Did you experiment with different ways to format those included headers? Asking because I am doing something similar to that as well.

valstu

9 hours ago

Nope, not yet. We have sticked with markdownish syntax so far.

_bramses

8 hours ago

The technique I find most useful is to implement a “linked list” strategy where a chunk has multiple pointers to the entry it is referenced by. This task is done manually, but the diversity of the ways you can reference a particular node go up dramatically.

Another way to look at it, comments. Imagine every comment under this post is a pointer back to the original post. Some will be close in distance, and others will be farther, due to the perception of the authors of the comments themselves. But if you assign each comment a “parent_id”, your access to the post multiplies.

You can see an example of this technique here [1]. I don’t attempt to mind read what the end user will query for, I simply let them tell me, and then index that as a pointer. There are only a finite number of options to represent a given object. But some representations are very, very, very far from the semantic meaning of the core object.

[1] - https://x.com/yourcommonbase/status/1833262865194557505

msp26

4 hours ago

> If your knowledge base is smaller than 200,000 tokens (about 500 pages of material)

I would prefer that anthropic just release their tokeniser so we don't have to make guesses.

mark_l_watson

5 hours ago

I just took the time to read through all source code and docs. Nice ideas. I like to experiment with LLMs running on my local computer so I will probably convert this example to use the light weight Python library Rank-BM25 instead of Elastic Search, and a long context model running on Ollama. I wouldn’t have prompt caching though.

This example is well written and documented, easy to understand. Well done.

skybrian

12 hours ago

This sounds a lot like how we used to do research, by reading books and writing any interesting quotes on index cards, along with where they came from. I wonder if prompting for that would result in better chunks? It might make it easier to review if you wanted to do it manually.

visarga

7 hours ago

The fundamental problem of both keyword and embedding based retrieval is that they only access surface level features. If your document contains 5+5 and you search "where is the result 10" you won't find the answer. That is why all texts need to be "digested" with LLM before indexing, to draw out implicit information and make it explicit. It's also what Anthropic proposes we do to improve RAG.

"study your data before indexing it"

regularfry

6 hours ago

I've been wondering for a while if having ElasticSearch as just another function to call might be interesting. If the LLM can just generate queries it's an easy deployment.

vendiddy

7 hours ago

I don't know anything about AI but I've always wished I could just upload a bunch of documents/books and the AI would perform some basic keyword searches to figure out what is relevant, then auto include that in the prompt.

average_r_user

7 hours ago

It would help if you tried Notebooklm by Google. It does this, you can upload a document/PDF whatever, and ask questions. The model replies to you giving also a reference to your material

mark_l_watson

4 hours ago

+1 Google’s NotebookLM is amazing. In addition to the functionality you mention, I tried loading the PDF for my entire Practical AI Programming with Clojure book and had it generate an 8 minute podcast that was very nuanced - to be honest, it seriously blew my mind how well it works. Here is a link to the audio file it automatically generated https://markwatson.com/audio/AIClojureBook.wav

NotebookLM is currently free to use and was so good I almost immediately started paying Google $20 a month to get access to their pro version of Gemini.

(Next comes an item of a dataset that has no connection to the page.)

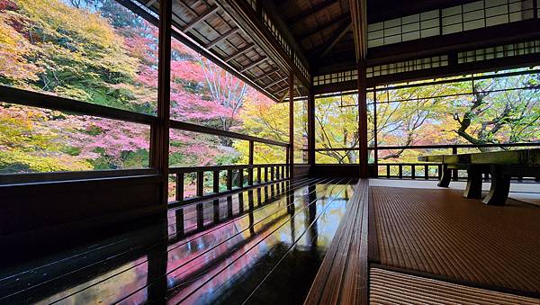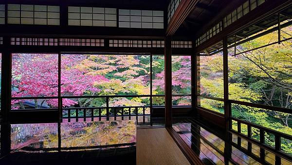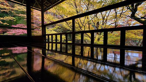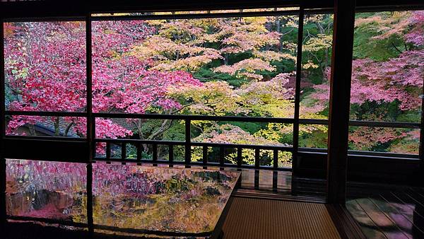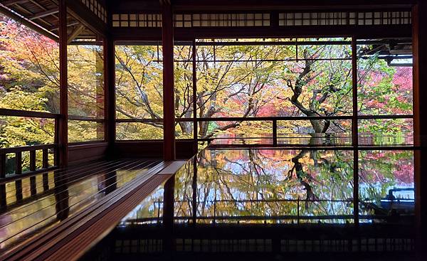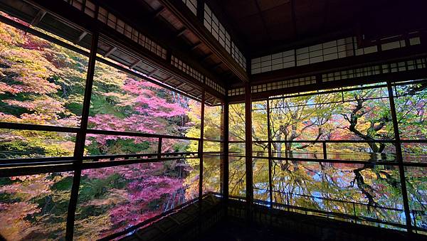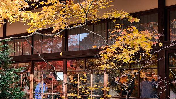 庭園中紅豔豔、黃澄澄的楓葉與窗格中的鏡影輝映成趣,令人目不暇給。

I still think the Groq APIs for open weight models are the best value for the money, but the way OpenAI, Google, Anthropic, etc. are productizing LLMs is very impressive.

timwaagh

9 hours ago

I guess this does give some insights. Using a more space efficient language for your codebase will mean more functionality in the ais context window when working with Claude and code.

thelastparadise

6 hours ago

Can someone explain simply how these benchmarks work?

What exactly is a "failure rate" and how is it computed?